The current scientific career path doesn’t give much credit to replicating a finding, but knowing whether a result is real is incredibly important. It also prevents so much wasted effort. I spent most of my PhD finding results that were the opposite direction of the published literature. I still haven’t published most of them. It’s very difficult to go against current dogma in a field.
How are you yourself involved with Open Data?
Sharing data is much harder for me. The studies that I work on are very expensive to run so there are many people involved. I work as part of the Neuroscience in Psychiatry Network (http://www.nspn.org.uk/), which is a Wellcome Trust-funded project between the University of Cambridge and University College London. We study adolescent brain development and have questionnaire data, interview responses and brain scans from many young people. Their answers are personal and sensitive so we have to make sure we maintain our participants’ privacy as much as possible.
I’m also a member of the NSPN data management team and we’re currently working on balancing our responsibilities to our participants and making sure we get the best use from this incredibly valuable data. We want to be able to release the data and share it with the world. That involves building up lots of documentation (metadata) so that people can understand where the data has come from and how we’ve processed it. It also involves working closely with the Clinical School here in Cambridge to make sure that we are not violating participant privacy. We can’t put sensitive data about our participant’s mental health up on the Internet, but we can create a very streamlined and transparent data sharing process to allow researchers to use the data to answer new questions.
“We can’t put sensitive data about our participant’s mental health up on the Internet, but we can create a very streamlined and transparent data sharing process to allow researchers to use the data to answer new questions.”
I’m very proud of a paper that the NSPN consortium published last year on how the hubs of the brain’s structural network strengthen through the teenage years (http://dx.doi.org/10.1073/pnas.1601745113).
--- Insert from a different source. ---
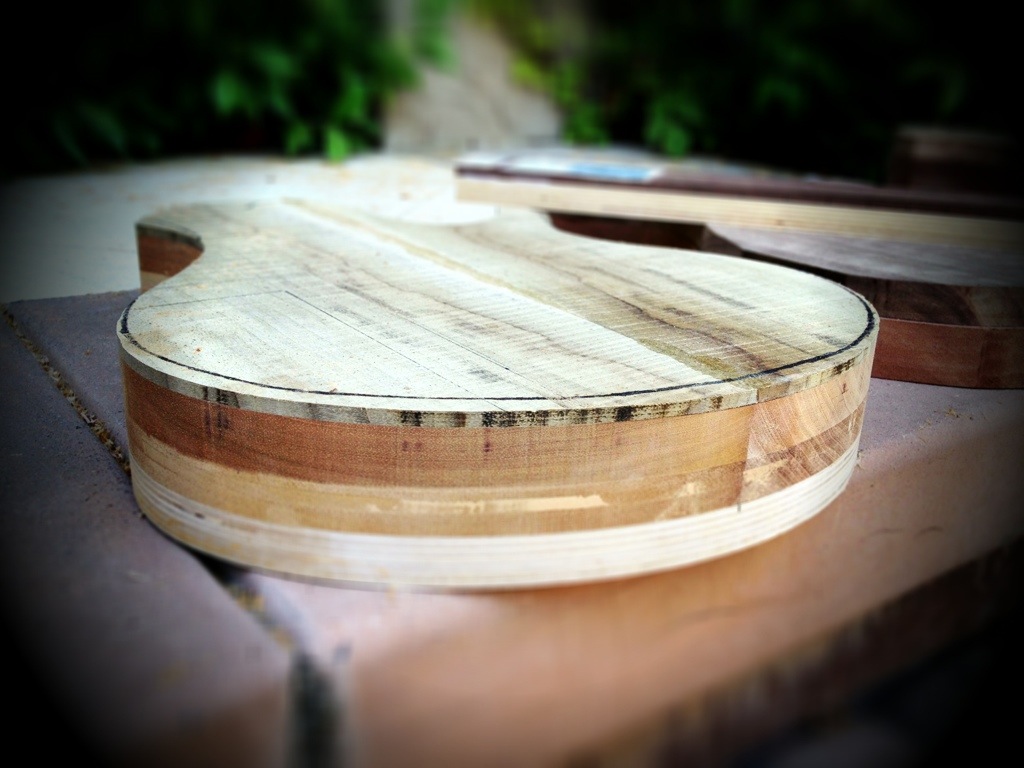 I also was able to cut a binding groove in the rustic maple burl topped guitar. I figure why not try it out. I’m going to use either black or white boltaron bindings. The figured walnut one is gonna have a white binding also on the fretboard and body.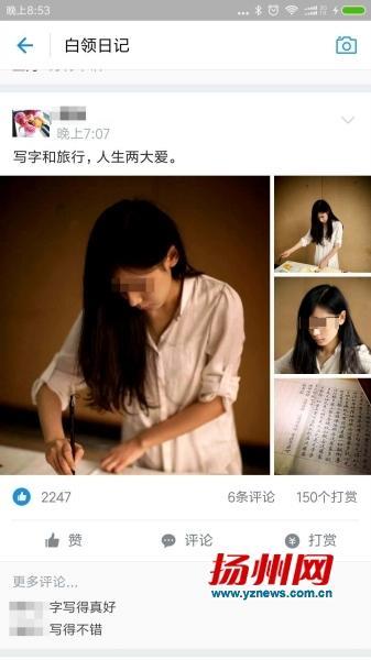 扬州网友“三字”的支付宝芝麻信用分有735分,但他意外地发现,自己也被支付宝推送了“生活在海外”这样一个圈子。在“三字”这个圈子页面上,记者看到,满屏都是一些生活在海外的美女发的私房照,有的求点赞,有的求打赏。不过,漂亮甚至美艳的美女照不少,但并没有看到什么大尺度照片。

We shared all of the code, all of the summary data from the brain regions, and replicated all the findings in two independent groups within our cohort. We split the 300 participants who had their MRI scans into a discovery and a validation cohort, and we showed the same results in both of those.
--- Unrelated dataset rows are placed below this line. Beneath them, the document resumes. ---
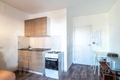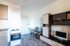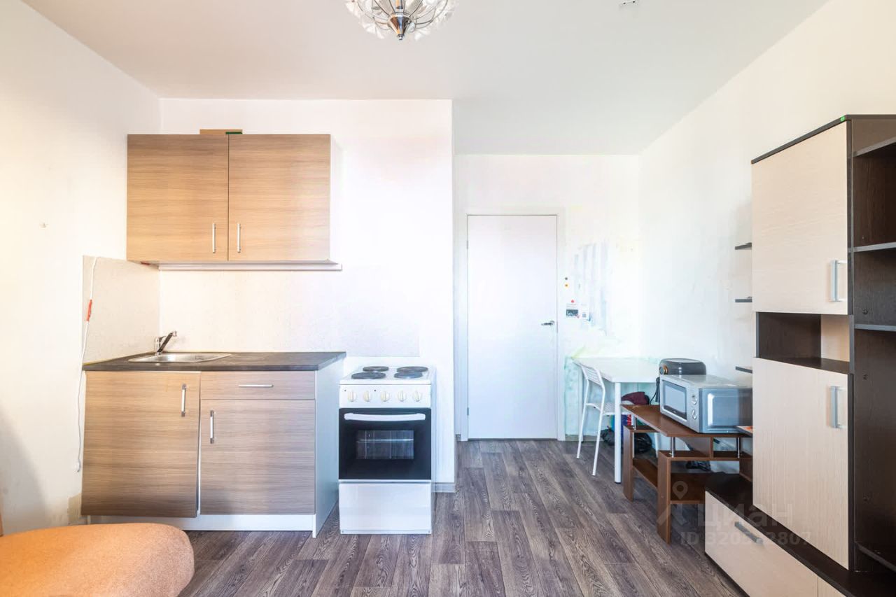 Студия площадью 21,8 кв. м с косметическим ремонтом расположена в кирпично-монолитном доме 2018 года постройки. Железобетонные перекрытия обеспечивают высокий уровень звукоизоляции. В квартире выполнена функциональная планировка с выделенной зоной кухни-гостиной и спальным местом. Ванная комната совмещена с санузлом, установлена современная сантехника. Остаётся вся необходимая техника: стиральная машина, холодильник, духовой шкаф и варочная панель. Меблировка продумана для комфортного проживания. Лоджия выходит на озеленённую территорию с видом на детский сад.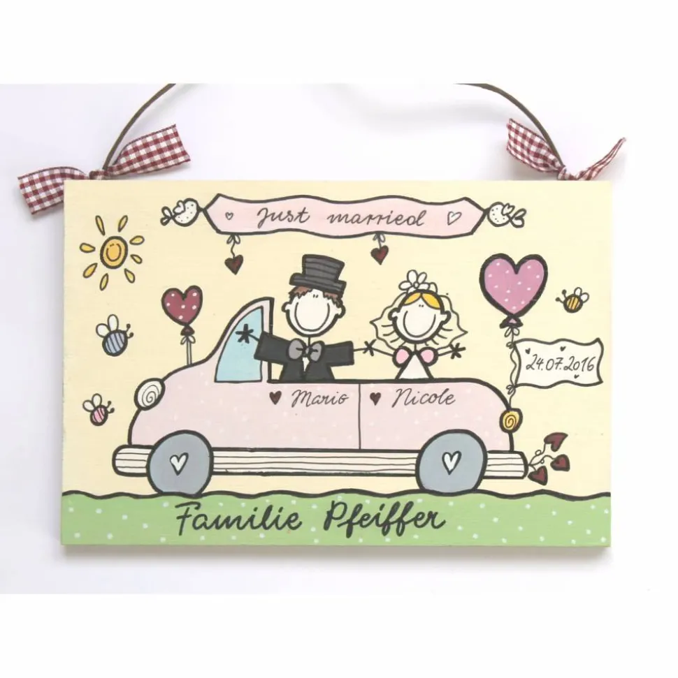 Überrasche das Brautpaar mit einem einzigartigen, personalisierten Hochzeitsgeschenk! Dieses liebevoll handbemalte Türschild aus Holz wird in beige grundiert und ist ein exklusives Unikat. Auf dem oberen Banner steht der Schriftzug „Just married“, darunter ein detailverliebt gemaltes Auto mit Braut und Bräutigam als Figuren.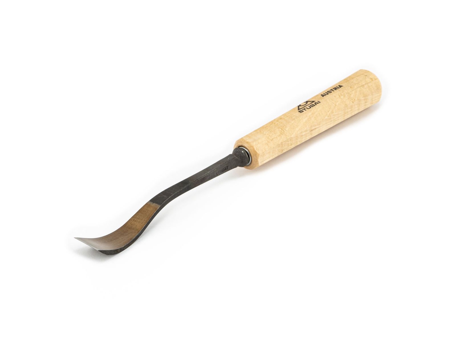 Das gekröpfte Balleisen mit gerader Schneide vom STICH 1 wird für glatte Flächen, zum Vorstechen und für Kerb- und Reliefschnitzarbeiten genützt.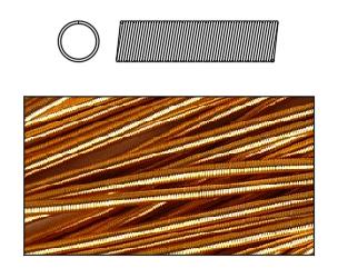 Хороша для заполнения работы, оформления таких деталей как бусины, жемчуг или камни. Но изделие получается очень нежным и для начинающих работа с ней может показаться сложной. Изготовлена из круглого сечения проволоки, но меньшей толщины, закрученной в спираль.

The study findings were reproducible and they replicated in a second cohort, and the data and the code are available for anyone else to use, whether they want to check our ways of working or whether they want to take our method and apply it to a different group.
Is there anything you wish you’d known at the start of your current study?
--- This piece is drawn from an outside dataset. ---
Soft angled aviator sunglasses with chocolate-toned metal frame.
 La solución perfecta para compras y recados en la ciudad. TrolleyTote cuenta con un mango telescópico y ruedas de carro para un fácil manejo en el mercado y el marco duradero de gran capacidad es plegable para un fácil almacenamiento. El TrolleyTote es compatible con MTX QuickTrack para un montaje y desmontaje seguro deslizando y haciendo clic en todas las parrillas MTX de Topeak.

A better scenario, and that I would advocate for going forward, is to have actually two different lines of consent on the form: one that says ‘I consent to be in the study,’ and another that says ‘I consent to you sharing anonymised versions of my data, making it openly available under this license.’ I have a lot of faith that our participants would want to share their information to push forward scientific understanding. I think that if they were able to give informed consent about what it meant to share their data openly, many of them would say ‘yes’.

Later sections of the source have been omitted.